BOSCH PARTNERS WITH ASTROBOTIC TO STUDY DEEP AUDIO ANALYTICS ON THE INTERNATIONAL SPACE STATION

Bosch in North America and Astrobotic Technology Inc. have announced a research partnership to send experimental sensor technology to the International Space Station (ISS) as early as May 2019. Bosch’s SoundSee technology is a deep audio analytics capability that uses a custom array of microphones and machine learning to analyze information contained in emitted noises. SoundSee’s analytics will investigate whether audio data from equipment could be learned and understood using advanced software, such that it could be used to improve the operations of the ISS.

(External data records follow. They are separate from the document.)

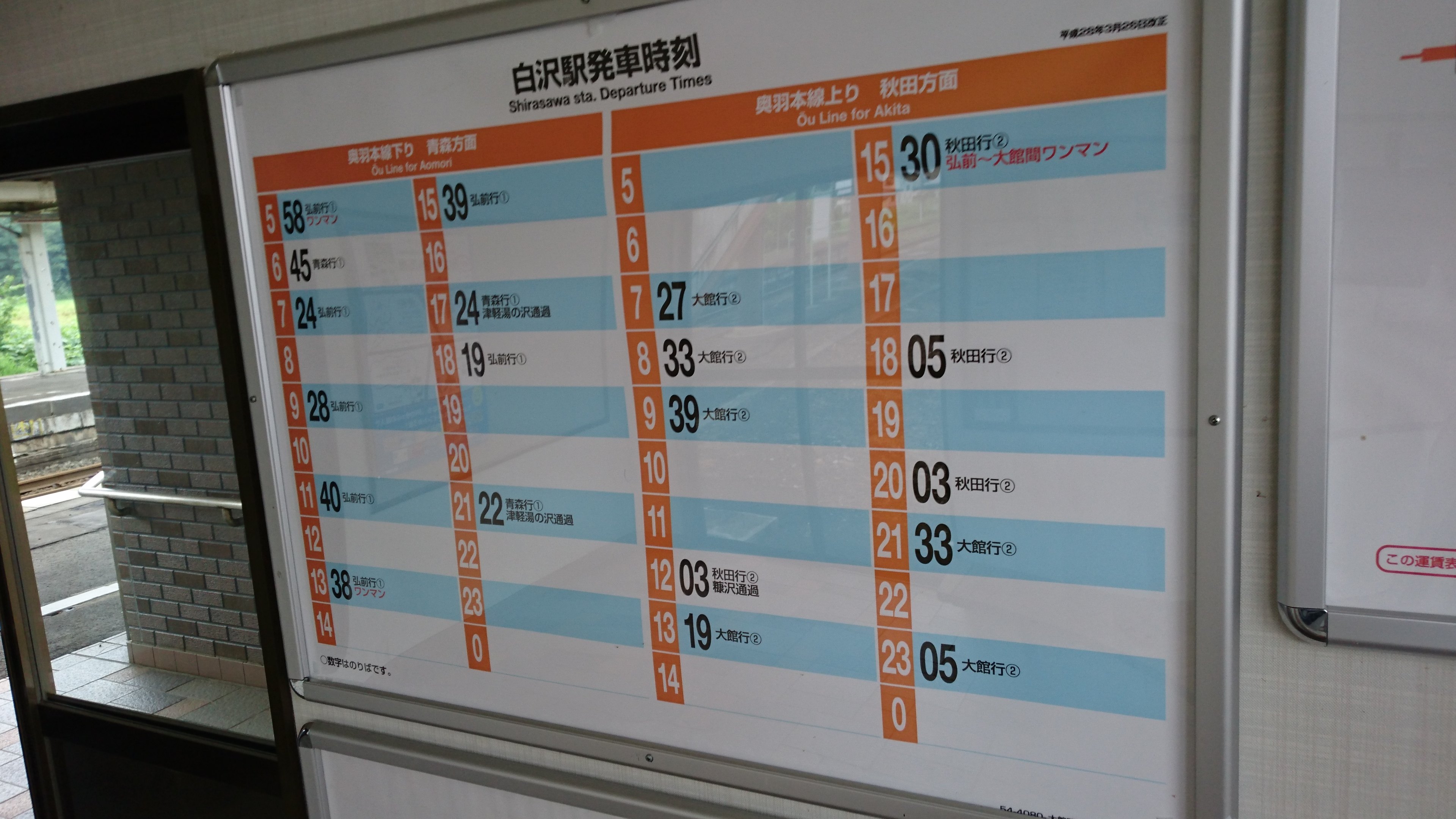 ・平成28年3月26日改正白沢駅発車時刻
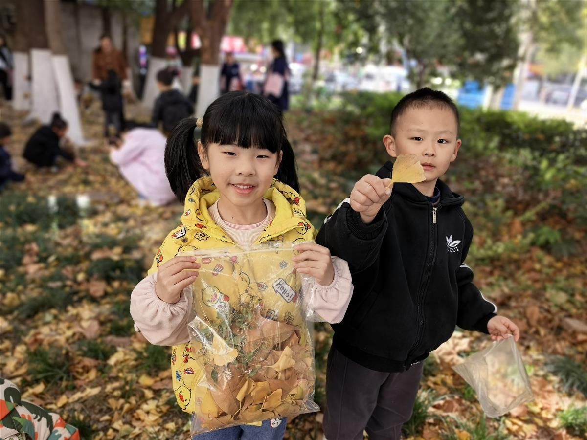 今年的秋意格外绵长,大自然依旧留存着满满的秋日韵味,层林仍染丹黄,草木未失清润,正是捡秋的好时候。依托公园自然资源,孩子们化身“小小捡秋员”,跟着爸爸妈妈走进公园。金黄的银杏叶、火红的枫叶、形态各异的小树枝。大家一边捡一边分享发现:“这片叶子边缘有锯齿!”“树枝弯弯的像小滑梯!”老师顺势讲解叶片生长、季节变化的小知识,家长们也跟着孩子一起观察、讨论,让公园变成了一堂生动的亲子自然课堂。
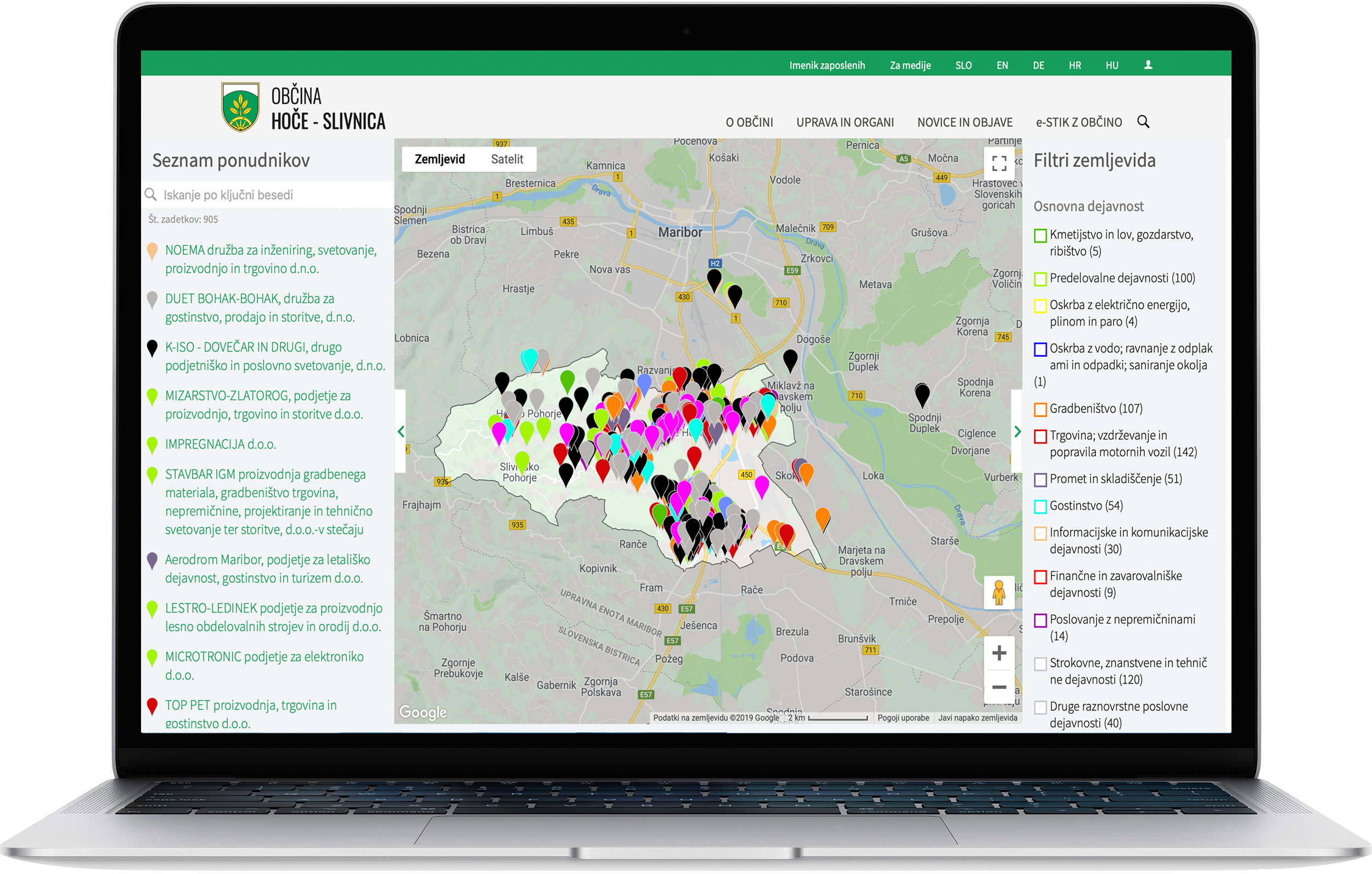 Modul omogoča prikaz seznama vseh lokalnih ponudnikov v občini na interaktivnem zemljevidu. Omogočeno je filtriranje ponudnikov glede na dejavnost (različno obarvane točke), glede na leto ustanovitve, število zaposlenih…
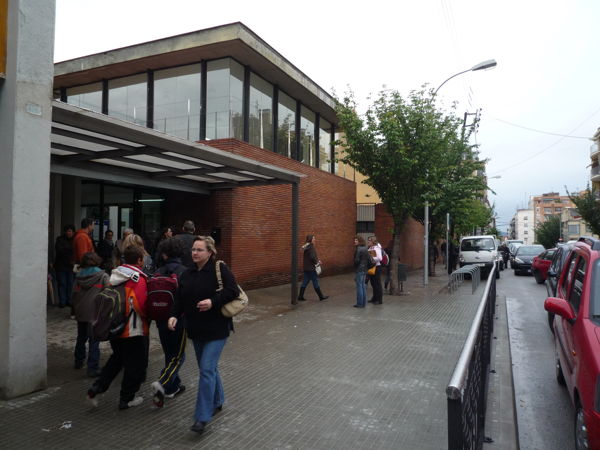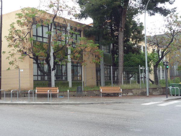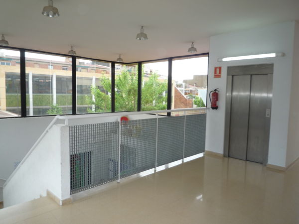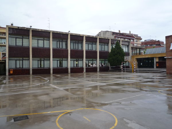 El bloque situado en la calle Ramón y Cajal, se retrasa respecto a la alineación de la calle para dar cabida a un elemento lineal que se interpone a esta para preservar las aulas del ruido de esta calle principal y ruidosa. Este elemento contiene el acceso y un cuerpo para la administración que se articula con pequeños patios.

“Machines, such as motors and pumps, emit noise signatures while they operate,” said Dr. Samarjit Das, principal researcher and SoundSee project lead at Bosch’s Research and Technology Center in Pittsburgh. “Our SoundSee AI (artificial intelligence) algorithm uses machine learning to analyze these subtle acoustic clues and determine whether a machine, or even a single component of a machine, needs to be repaired or replaced.”

The SoundSee payload will ride on NASA’s Astrobee Robot, an autonomous free-flying vehicle capable of navigating throughout the ISS. The NASA Ames Research Center’s Astrobee team has also provided support for ground testing.

“The support from NASA has been critical,” said Dr. Andrew Horchler, Astrobotic research scientist and director of Future Missions and Technology. “They have provided feedback and requirements that have helped us design our operational plans and understand the challenges of sending a hardware payload to the ISS.”

On the ISS, researchers will collect data and send it to Earth for Bosch to study. As research progresses, the team expects to update the software or adjust operational routines to improve data-collection results.

“This data should allow us to gain insights into the state of the space station,” said Jon Macoskey, research engineer intern at Bosch. “Our long-term goal is to show that we can detect anomalies in the operation of the station and return that intelligence to crewmembers or ground control.”

The research has promise for numerous terrestrial applications and other crewed spacecraft, including missions to the Moon and Mars.

“For some time, Bosch has been interested in using audio analytics to monitor critical machines and equipment, such as car engines or HVAC systems,” said Dr. Joseph Szurley, a Bosch research scientist on the project. “The ISS will allow us to study how these techniques can extend to even more challenging and unique environments.”

Astrobotic’s Future Missions and Technology team, a space robotics research group, is developing the flight version of the sensor, known as the SoundSee payload. The team will also lead ground testing and preparation for flight.

“Conducting research in space, even when you have an asset like the ISS, is significantly more challenging than testing on the ground,” Horchler said. “As a space robotics company, we are able to help Bosch prepare for operating in this highly controlled space environment.”

The SoundSee project has been in development since the Center for the Advancement of Science in Space (CASIS) approved funding for launch costs and astronaut time aboard the space station earlier this year. CASIS is the organization tasked by NASA with managing the ISS U.S. National Laboratory. Recently, Bosch and Astrobotic researchers began testing engineering units of the SoundSee payload and added former ISS Commander Dr. Colin “Mike” Foale to the team.

“Since meeting the team at Astrobotic in Pittsburgh for the SoundSee preliminary design review, I am convinced that this novel, cutting-edge approach to using machine learning in space will not only have great benefits for troubleshooting ISS problems, but especially throughout industry on Earth,” Foale said.

“Commander Foale has provided invaluable operational insights into how the mission might operate within the ISS and helped us complete our preliminary design review this summer,” Bosch’s Das said. “Our test facility at Astrobotic is helping us validate the techniques that we will deploy on the ISS.”

The SoundSee payload will launch to the International Space Station as part of NASA’s Astrobee robot, and will be delivered on a future commercial resupply services mission.

“We have a dedicated team and clear path to flight,” Horchler said. “We couldn’t be more excited to work with Bosch, NASA and CASIS on this critical work.”